Friday, 6 March 2020

Filling gaps in the beach tree line

The top edge of our small Devon wood is marked by a stone wall fashioned in the Devon style. It starts in the eastern corner, rising gently then steeply until it meets the high face of the old quarry. The wall and quarry top have old beech trees leaning precariously over and into our wood. They stand magnificent: great limbs reaching up and stretching out. Their twisted gnarled roots weave through the stonework and rockface, impossibly anchoring these huge structures to the ground. Those at the quarry top start with a 20' advantage over those at the beginning of the boundary wall. Add to this their own height of another 20' or so and to stand beneath is humbling. Some whole trees and individual limbs have inevitably fallen and lay moss-covered on the woodland floor. Stumps torn from the earth stand upended, half buried. As newcommers we don't know how long the fallen trees and limbs have lain there, perhaps many years as the dense wood of the beech does not easily succumb to decay despite the damp. Whether it was the tenuous hold the roots had in the stony ground, high winds, proximity to the edge or a combination of all that led to their demise, is hard to tell. However, an investigation reveals spalting caused by a fungus that weakens and eventually destoys the wood.

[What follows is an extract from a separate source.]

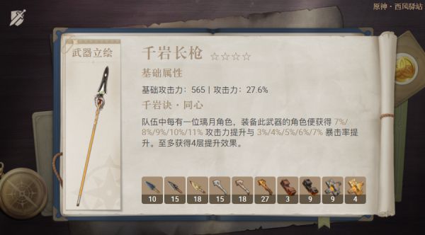装备评价:目前千岩系列武器的特点是副词缀统一为攻击力,武器技能统一为“队伍中每有一位璃月角色,佩戴角色获得攻击力和暴击率提升。最多获得四层提升效果”。每精炼一次,每层攻击力/暴击率提升效果均提高1%。适合队伍中璃月角色≥2名的角色佩戴(一层武器特效实在是不够看)。

The beech-topped old quarry
The old stone wall unable to withstand the trees.
As we have been making the most of the wet dormant season planting our own saplings, we decided to relocate some of the self-set beech found scattered around the wood. We earmarked 4 small shallow-rooted specimens and they cleanly uprooted with little resistance. We planted them in one of the gaps in the wall described earlier. Alongside the giant mature beeches it's hard to believe these spindly specimens grown from a small beech nut can grow so large. Maybe just one will survive and grow to maturity. Alas, we will never know.